WORK ITEM: Nothing but the lines from the first line of the material below through the line that holds "A selection of" should be set down, exactly and with pictures left out.

DATA SECTION:
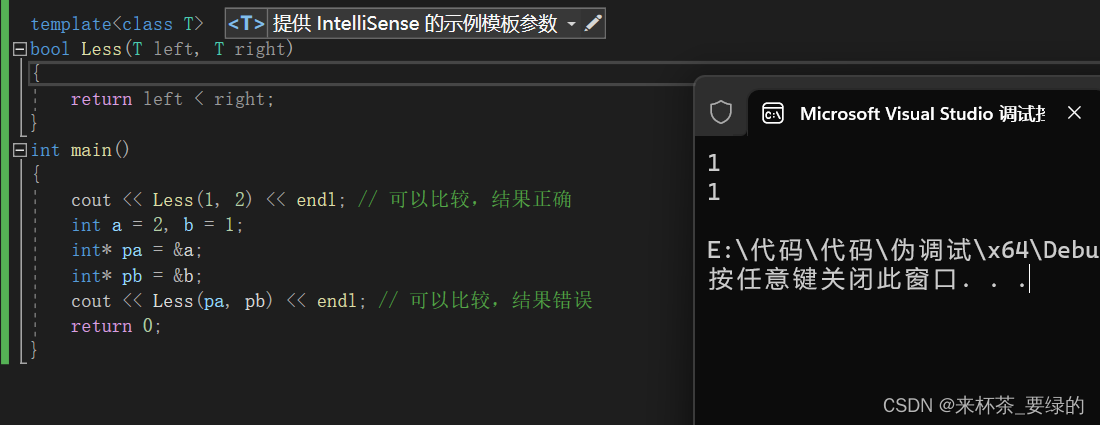 注意:1. 浮点数、类对象以及字符串是不允许作为非类型模板参数的(只能是整型) 。2. 非类型的模板参数必须在编译期就能确认结果 。
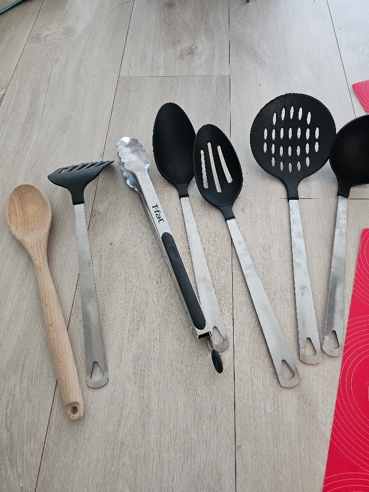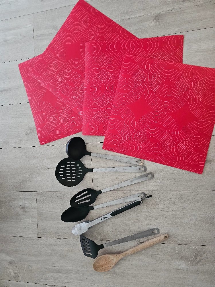 A selection of kitchen tools, including a ladle, slotted spoon, turner, tongs, and wooden spoon. There are also red placemats. You will love preparing a fresh meal with these items.
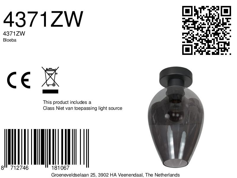 De Bloeba 4371ZW is een stijlvolle plafondlamp die warmte, elegantie en karakter samenbrengt. Deze lamp is een combinatie van het zwarte basisarmatuur Bloeba 4129ZW en de opvallende, handgemaakte glazen kap I15465S in een elegante druppelvorm. Met zijn royale afmetingen van 22,5 cm in diameter en 33 cm hoog is dit rookglas een echte blikvanger die elke ruimte verrijkt met sfeer.

TASK RESULT:
 注意:1. 浮点数、类对象以及字符串是不允许作为非类型模板参数的(只能是整型) 。2. 非类型的模板参数必须在编译期就能确认结果 。
 A selection of kitchen tools, including a ladle, slotted spoon, turner, tongs, and wooden spoon. There are also red placemats. You will love preparing a fresh meal with these items.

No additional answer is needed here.